The Cincinnati Jug Band was an American jug band formed in Cincinnati, Ohio in the 1920s. Much of the information concerning the involved musicians' personal background is obscured; however, the group is still remembered for being one of the earliest recorded jug bands of the era. The band recorded various sides for Vocalion, Paramount, and Decca under both the Cincinnati Jug Band and as solo artists, some of which have been preserved in several compilation albums.

Formed on George Street in Cincinnati's red-light district sometime during the late-1920s, the band was composed of two brothers: Bob Coleman (guitar, vocals) and Walter Coleman (harmonica, vocals). The Coleman brothers, who both originated from Georgia, became popular fixtures on the street, and were accompanied by multi-instrumentalist Stovepipe No. 1 (real name Sam Jones). In May 1928, Bob Coleman, under the name "Kid Cole", traveled with Stovepipe No. 1 to Chicago to record four sides for Vocalion Records. When he returned to Chicago in January 1929, Coleman brought both Walter and Stovepipe No. 1 to record four additional sides: two credited to the Cincinnati Jug Band and the remainder to Bob Coleman. The songs – "Newport Blues", "George Street Stomp", "Tear It Down", and "Cincinnati Underworld"—are among the most rarest of all jug band recordings and remain prized among record collectors. Speaking on the uniqueness of the group in view of the era, Henry Vestine of Canned Heat wrote that the Cincinnati Jug Band was "the only country-oriented jug band recording known by a non-southern based group".

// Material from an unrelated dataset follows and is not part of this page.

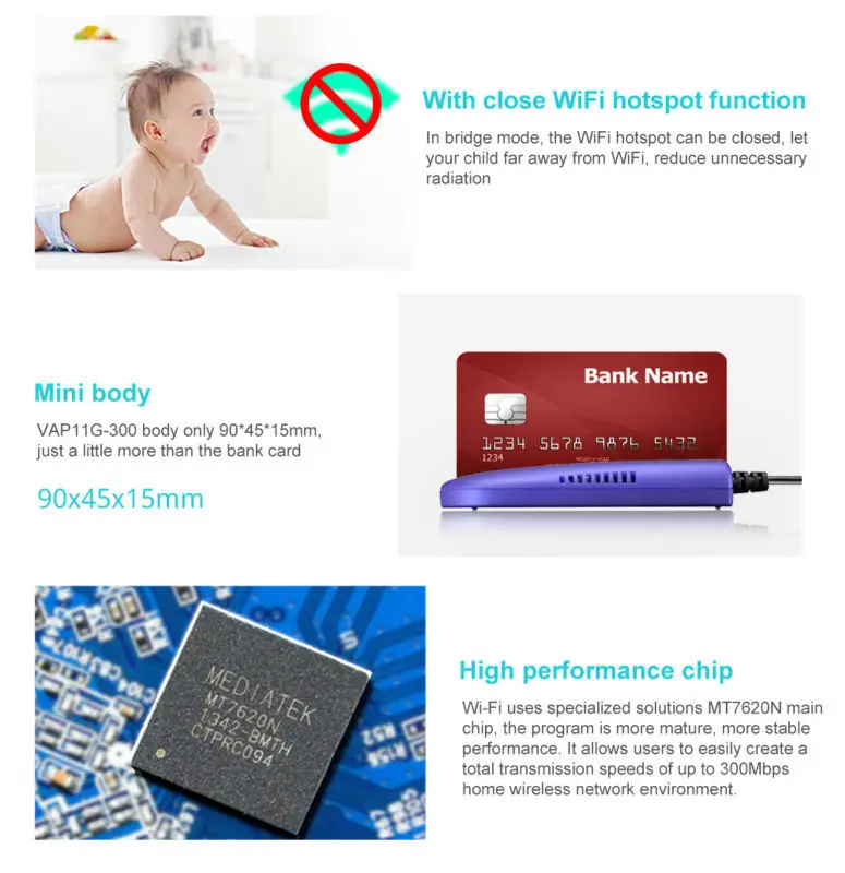 VAP11G-300 является экологически безопасным ретранслятором сигнала WiFi. Работает в режиме ретранслятора, VAP11G-300 можно увеличить вдвое, чтобы расширить исходное покрытие сигнала WiFi, обеспечивая безопасность беспроводного сигнала, и его принцип работы: размещая VAP11G-300 на краях оригинального покрытия сигнала Wi-Fi hot spot, VAP11G-300 может получить слабый сигнал WiFi, И затем Увеличьте до нормальной, безопасной прочности, и после оптимизации, обработка коррекции ошибок, для достижения покрытия сигнала расстояние удваивает расширение под безопасным.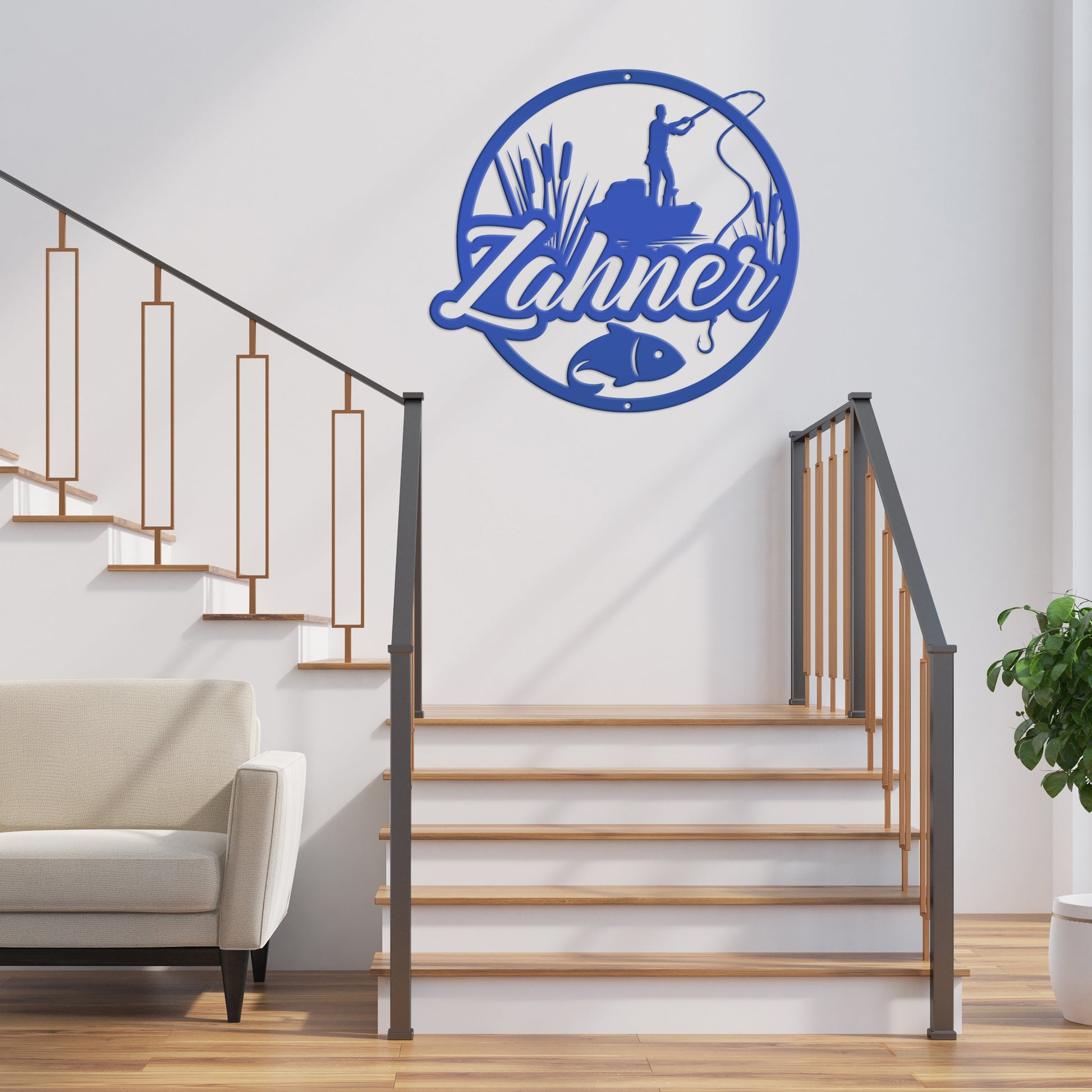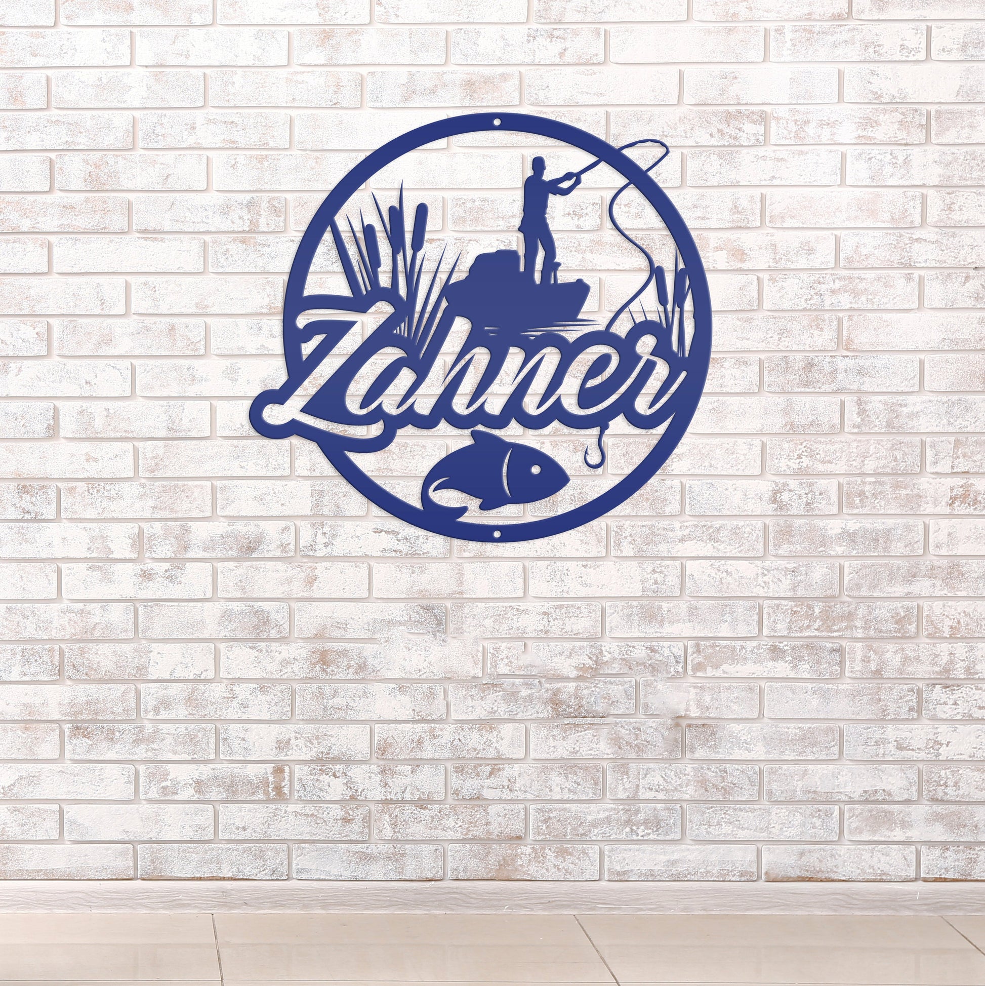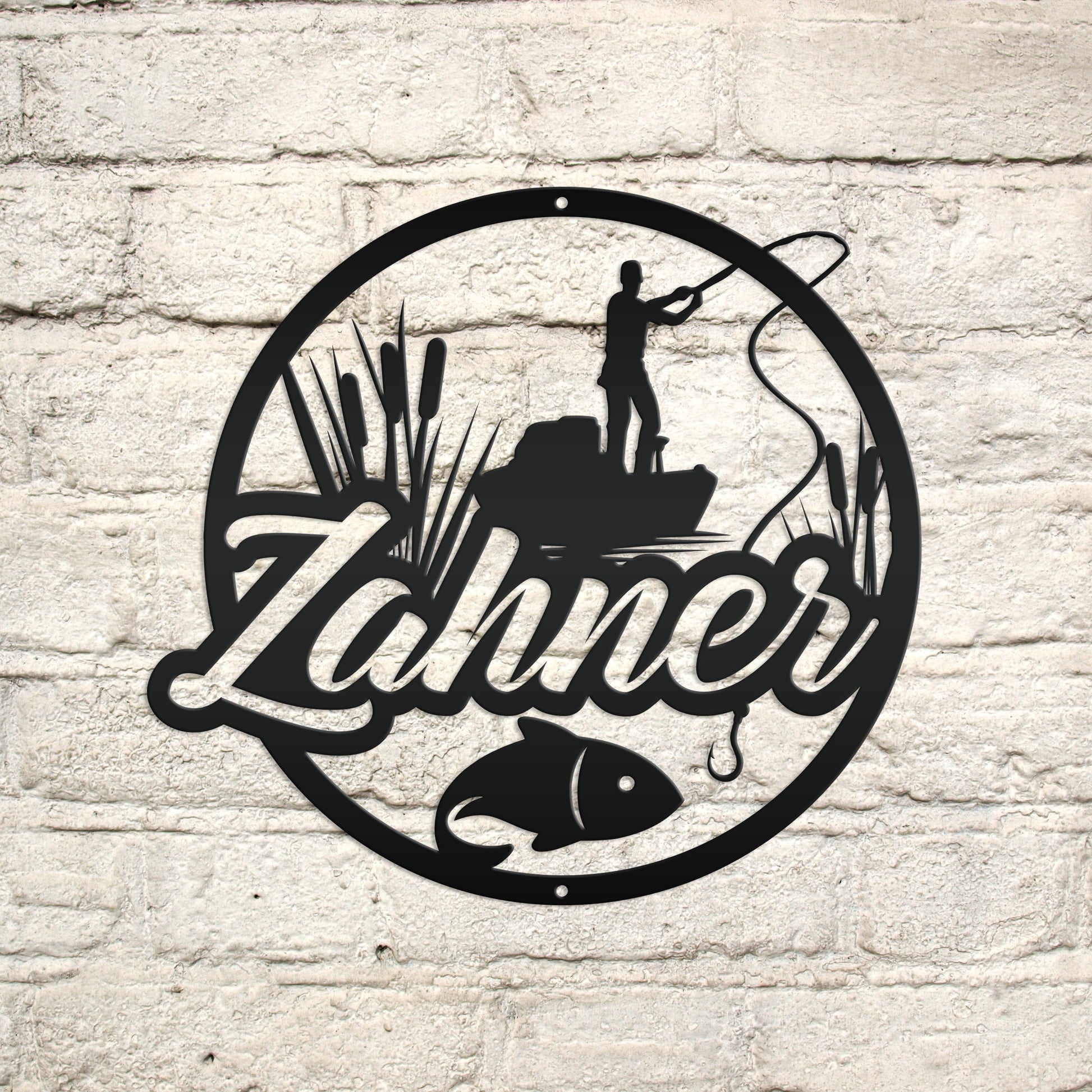 Joycorners Personalized Lake Fishing Scene Metal Sign - Indoor Outdoor - Fishing Theme Decor LM0110

Among the tunes, "Newport Blues" has since become the Cincinnati Jug Band's best-known recording. A references to Newport, Kentucky, a city frequented by Cincinnati musicians, the song features a variation of sounds on the stovepipe, performed by Jones. Some discographies theorize that Jones did not record the stovepipe alone, but was possibly accompanied by an unknown washboard player. "Newport Blues" first received wider notice on the compilation album Anthology of American Folk Music, in 1952. Anthology producer Harry Smith wrote "the line played by the jug in this recording seems to represent an earlier and more inland style than the evenly spaced bass chords heard on recordings made in Memphis". The song also appears on Complete Recordings of Bob Coleman's Cincinnati Jug Band and Associates, Before the Blues, Volume 1, and Ruckus Juice & Chittlins, The Great Jug Bands, Volume 1.

In June 1929, Bob Coleman ventured solo to Richmond, Indiana, to record for Paramount the tune, "Sing Song Blues". The brothers recorded two final times in February and June 1936 in Chicago, completing seven sides for the Decca label. A few mere months after their final recording session, Walter Coleman was listed as dead at the age of 29 in a Cincinnati obituary, and, although no official cause of death was listed, it is suspected he was murdered while performing in a venue on George Street. Bob Coleman retired from music and died in 1966. Stovepipe No. 1 recorded with the King David Jug Band in December 1930; however, he disappeared from the public eye thereafter.